Supplied records:
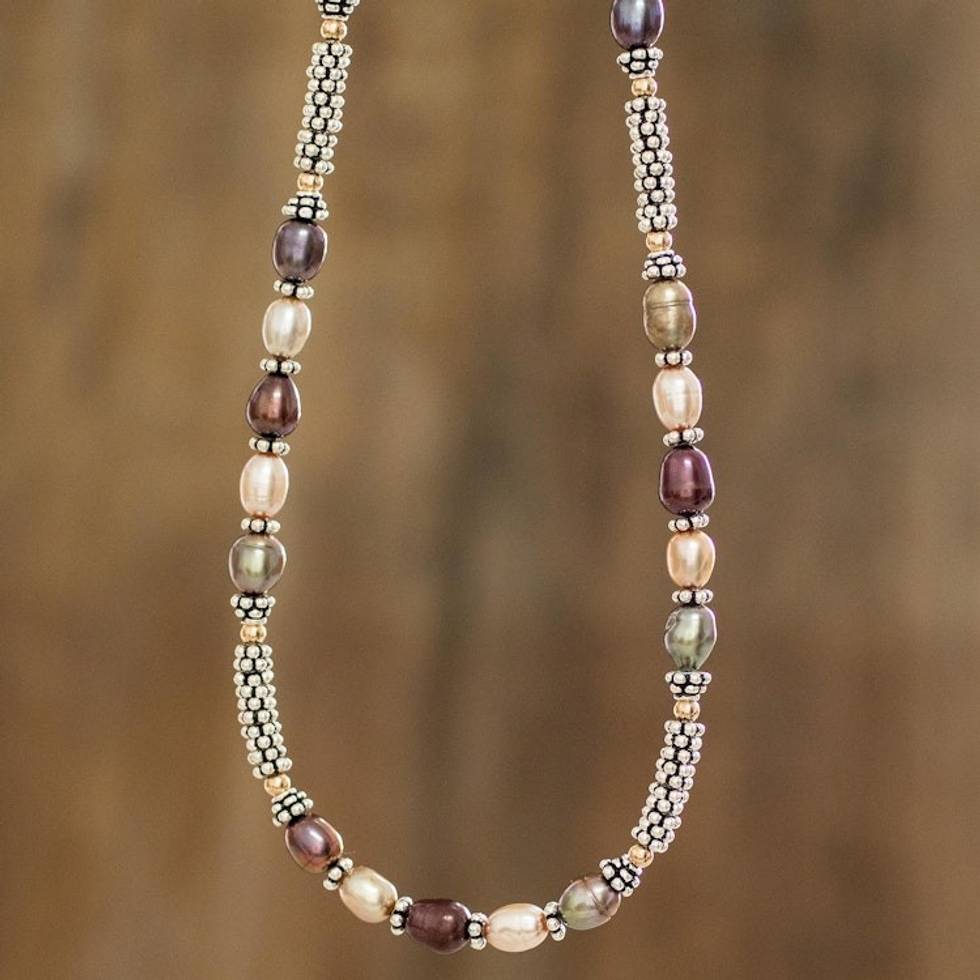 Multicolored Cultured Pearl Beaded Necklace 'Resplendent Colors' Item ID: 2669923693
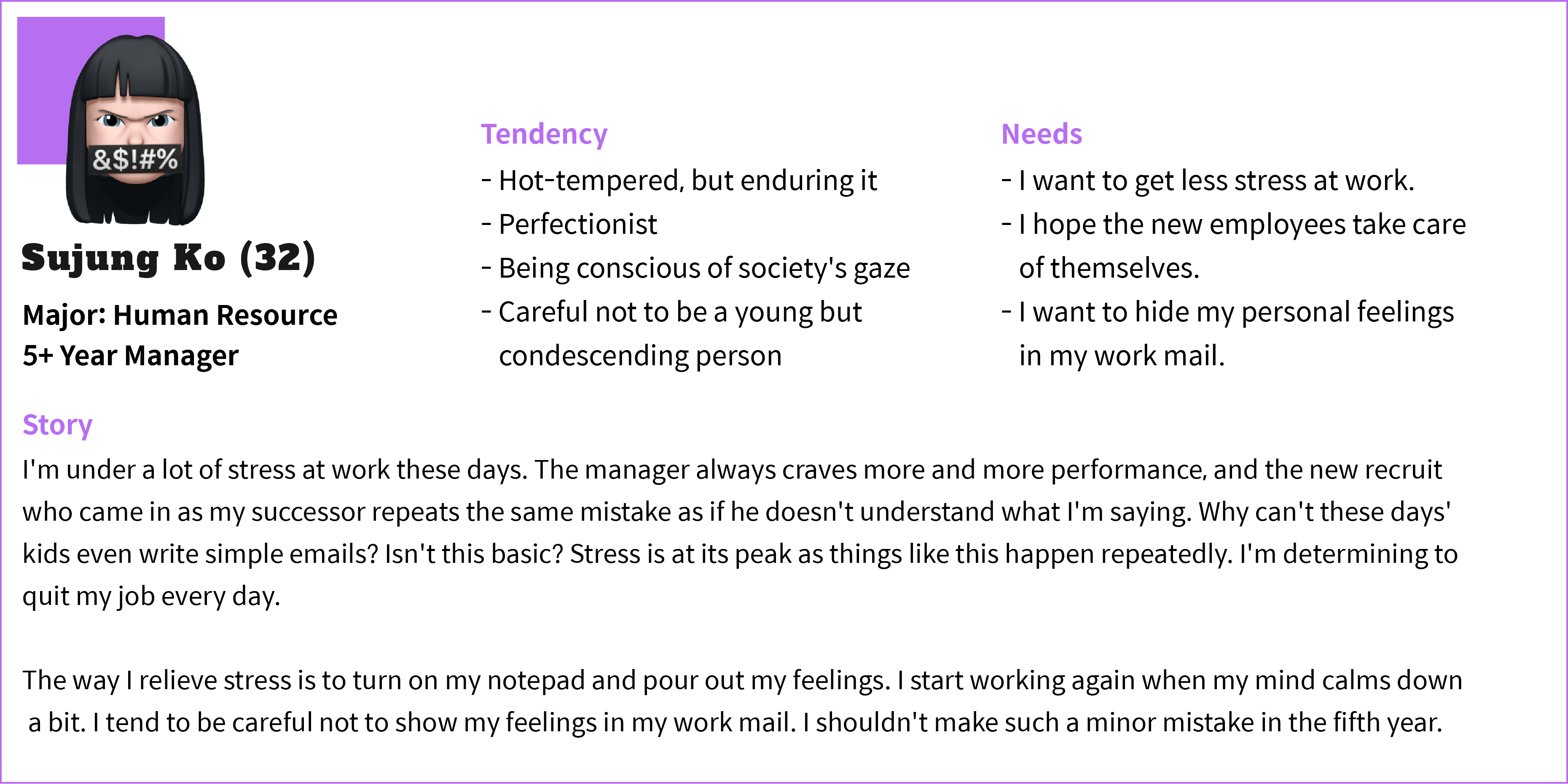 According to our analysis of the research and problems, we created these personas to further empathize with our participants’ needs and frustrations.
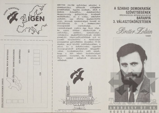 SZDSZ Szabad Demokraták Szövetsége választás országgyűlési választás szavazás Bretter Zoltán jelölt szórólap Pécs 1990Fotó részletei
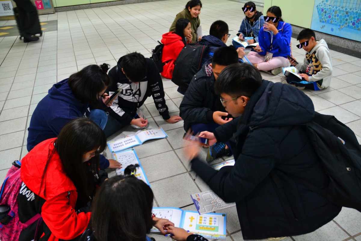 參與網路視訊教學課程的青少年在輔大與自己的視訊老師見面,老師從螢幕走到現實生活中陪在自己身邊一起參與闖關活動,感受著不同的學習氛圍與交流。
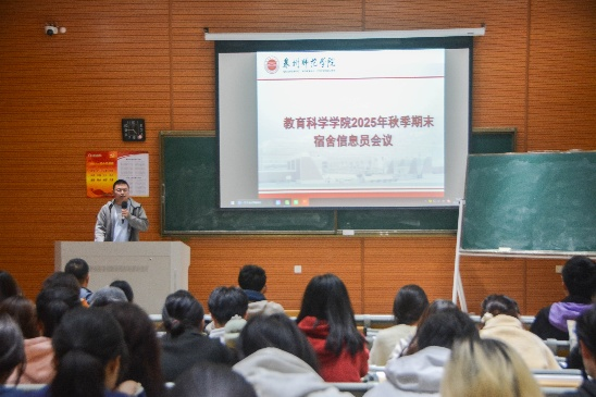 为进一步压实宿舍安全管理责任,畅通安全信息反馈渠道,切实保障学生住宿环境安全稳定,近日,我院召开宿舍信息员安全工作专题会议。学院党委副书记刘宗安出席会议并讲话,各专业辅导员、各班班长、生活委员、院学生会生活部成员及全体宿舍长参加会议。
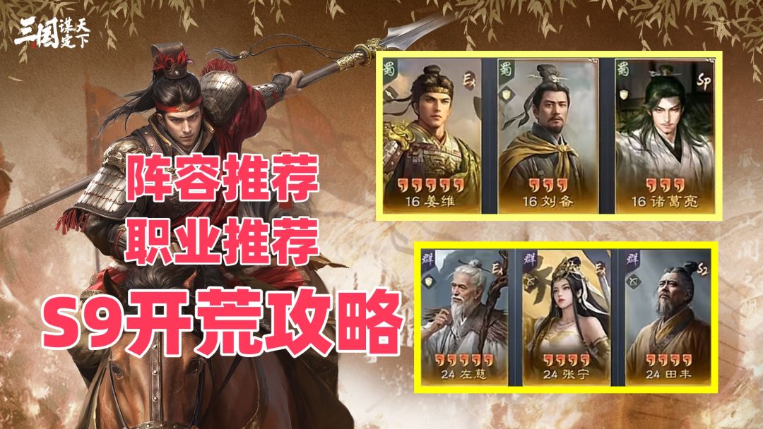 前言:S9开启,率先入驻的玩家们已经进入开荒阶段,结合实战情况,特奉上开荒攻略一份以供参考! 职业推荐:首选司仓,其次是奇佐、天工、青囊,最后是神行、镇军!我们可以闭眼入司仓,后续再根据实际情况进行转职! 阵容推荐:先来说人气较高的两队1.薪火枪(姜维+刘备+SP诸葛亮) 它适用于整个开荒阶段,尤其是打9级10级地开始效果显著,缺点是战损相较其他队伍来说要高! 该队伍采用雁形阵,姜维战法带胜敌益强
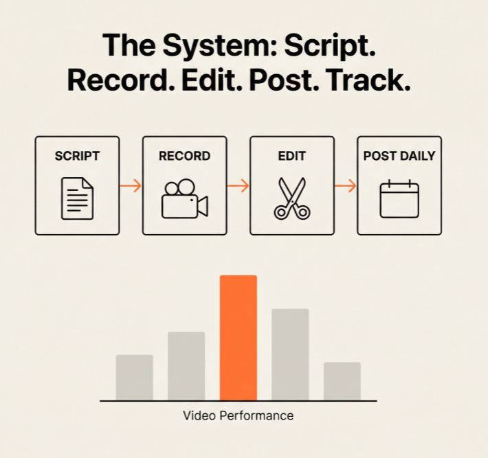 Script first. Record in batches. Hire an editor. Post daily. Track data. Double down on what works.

What is required: Every line from the one with "參與網路視訊教學課程的青少年" through the end of the material above should be restated word for word, with the pictures left out.

Problem solution:
 參與網路視訊教學課程的青少年在輔大與自己的視訊老師見面,老師從螢幕走到現實生活中陪在自己身邊一起參與闖關活動,感受著不同的學習氛圍與交流。
 为进一步压实宿舍安全管理责任,畅通安全信息反馈渠道,切实保障学生住宿环境安全稳定,近日,我院召开宿舍信息员安全工作专题会议。学院党委副书记刘宗安出席会议并讲话,各专业辅导员、各班班长、生活委员、院学生会生活部成员及全体宿舍长参加会议。
 前言:S9开启,率先入驻的玩家们已经进入开荒阶段,结合实战情况,特奉上开荒攻略一份以供参考! 职业推荐:首选司仓,其次是奇佐、天工、青囊,最后是神行、镇军!我们可以闭眼入司仓,后续再根据实际情况进行转职! 阵容推荐:先来说人气较高的两队1.薪火枪(姜维+刘备+SP诸葛亮) 它适用于整个开荒阶段,尤其是打9级10级地开始效果显著,缺点是战损相较其他队伍来说要高! 该队伍采用雁形阵,姜维战法带胜敌益强
 Script first. Record in batches. Hire an editor. Post daily. Track data. Double down on what works.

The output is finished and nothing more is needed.